A falta de professores não foi, segundo Davide Martins, o único problema enfrentado nas escolas, salientando que “a desburocratização só trouxe mais burocracia” ou o trabalho com alunos com necessidades especiais, que classifica como “uma teia burocrática que só dificulta a implementação das estratégias pedagógicas”. Existe ainda, afirma, uma crescente “desresponsabilização dos alunos pelo seu trabalho”. Uma situação que, defende, “contribui para a tão propalada ideia de facilitismo”. Há ainda lugar a balanço negativo no que se refere à indisciplina, que “continua a ser vista como um não assunto”. Problemas que afetam os professores, “ cansados a assistir de forma impotente e preocupada àquilo que acontece na escola”.
Reverter o panorama não será, entende Davide Martins, tarefa fácil, devendo passar, obrigatoriamente, pela valorização da carreira docente sob pena de “assistirmos a uma deterioração exponencial da escola pública ao ponto de se tornar irreversível”.

Filinto Lima antevê um último período difícil e com constrangimentos na realização das provas finais de 9.º ano (Português e Matemática) em formato digital”. “As atuais condições existentes não auguram um clima de tranquilidade merecido pelos nossos alunos, principalmente no momento solene (e de natural nervosismo) em causa”, admite. Contudo, garante que “as escolas tudo farão para que a efetivação destas provas seja o mais normal possível, contribuindo para a paz e tranquilidade inerentes à situação”. O presidente da ANDAEP está expectante para “perceber que medidas serão tomadas pela próxima equipa ministerial” e lança um pedido ao futuro ministro ou ministra da Educação. “As duas primeiras decisões, deverão obrigatoriamente ser as seguintes: validação (ou não) da realização das provas de aferição e provas finais de 9.º ano em formato digital e a devolução dos 6 anos 6 meses e 23 dias do tempo de serviço aos professores”, de forma a garantir tranquilidade nas escolas. “O país educativo está na expectativa de saber que medidas de política educativa serão incrementadas”, conclui.

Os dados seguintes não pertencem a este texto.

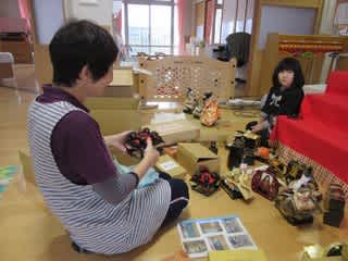 休日保育の日、利用していた年中児の女の子が雛壇の片づけを手伝ってくれました。

Primeiros quatro meses de 2024 registam 1290 aposentações

O 2.º período do ano letivo 2023/24 começou com recorde de aposentações, com 434 profissionais a sair do sistema, em janeiro. Nos meses de fevereiro e março foram mais 614, totalizando 1048 docentes reformados em três meses. O 3.º período segue a mesma tendência com 242 aposentações, em abril. O número poderá ser ainda mais elevado, pois estes dados são apenas os de professores da Caixa Geral de Aposentações (CGA) e não contempla os docentes da Segurança Social. Mário Nogueira, secretário-geral da FENPROF estima que, se o ritmo de aposentações se mantiver ao longo de todo o ano, em 2024 podem aposentar-se mais de 4900 docentes, sendo o número mais elevado do milénio.